What to do. Nothing but the pictures may be dropped; the rest of the listing is to be written out exactly.

==== Supplied information

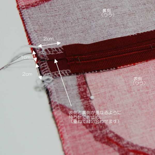 ファスナーの無い部分は2cmに折った端(前面)と1cmに折った端(背面)が少し重なるようにして、一緒に縫います。
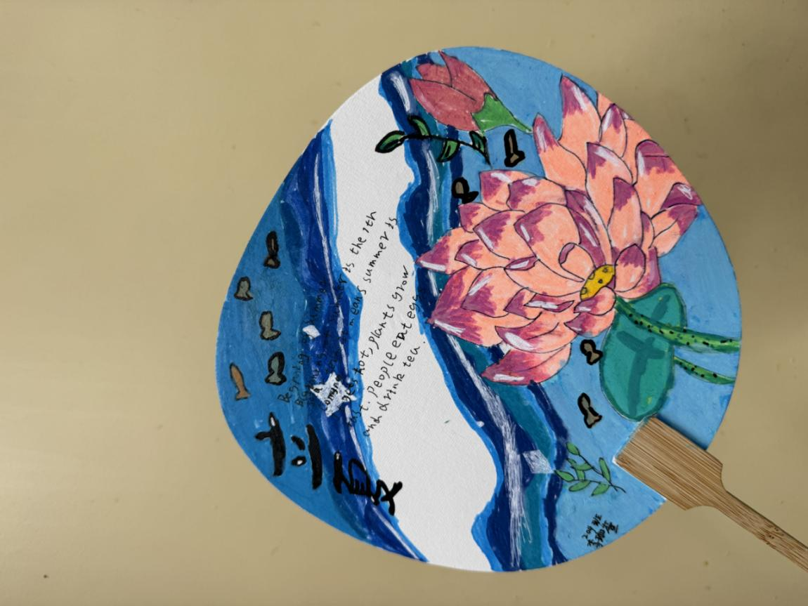 六年级将二十四节气与团扇结合,借助AI规范英文表达,尽显传统雅韵与语言素养。
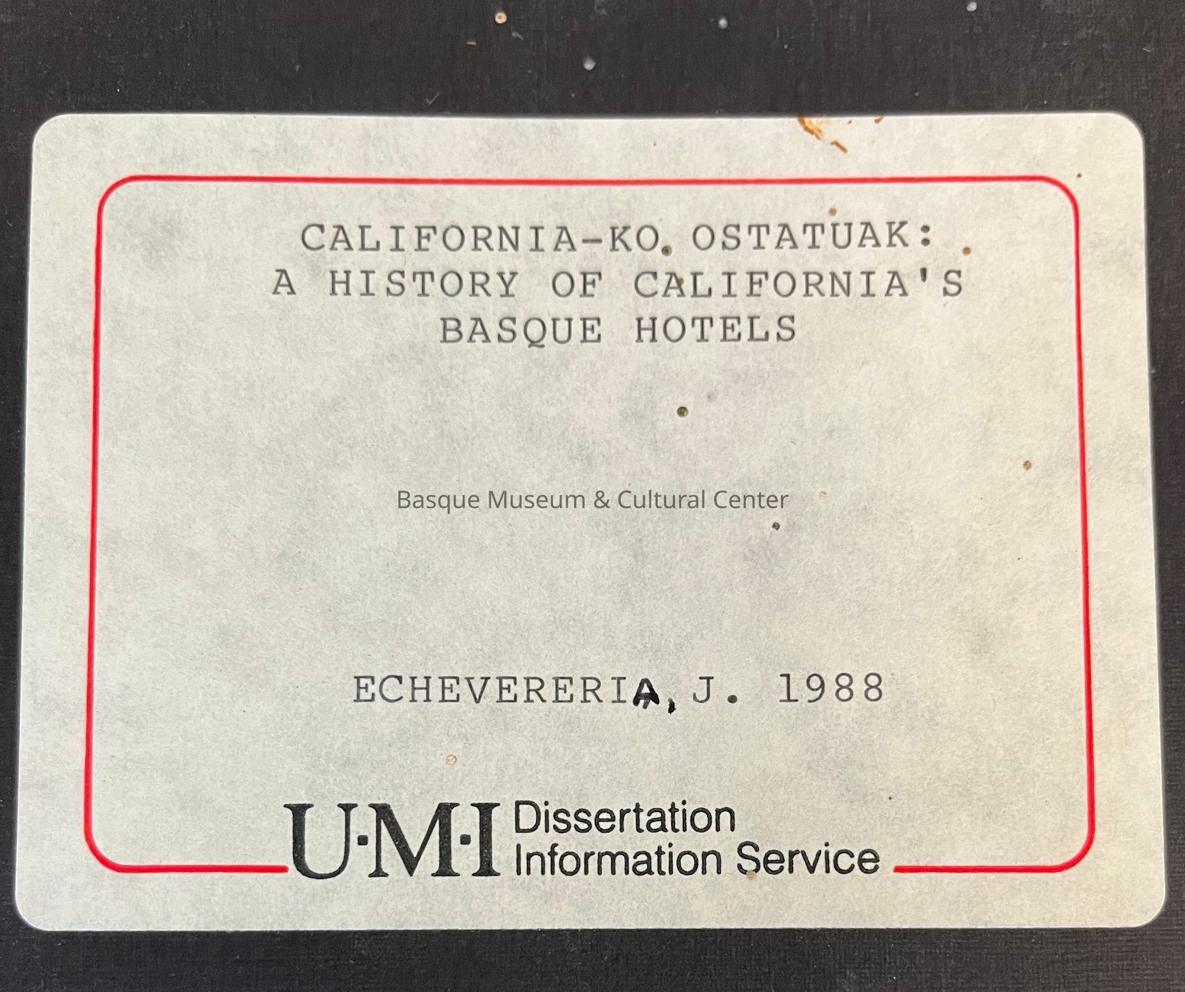 National characteristics, Basque -- California -- Social life and customsCall No.

========

Task solution.
 ファスナーの無い部分は2cmに折った端(前面)と1cmに折った端(背面)が少し重なるようにして、一緒に縫います。
 六年级将二十四节气与团扇结合,借助AI规范英文表达,尽显传统雅韵与语言素养。
 National characteristics, Basque -- California -- Social life and customsCall No.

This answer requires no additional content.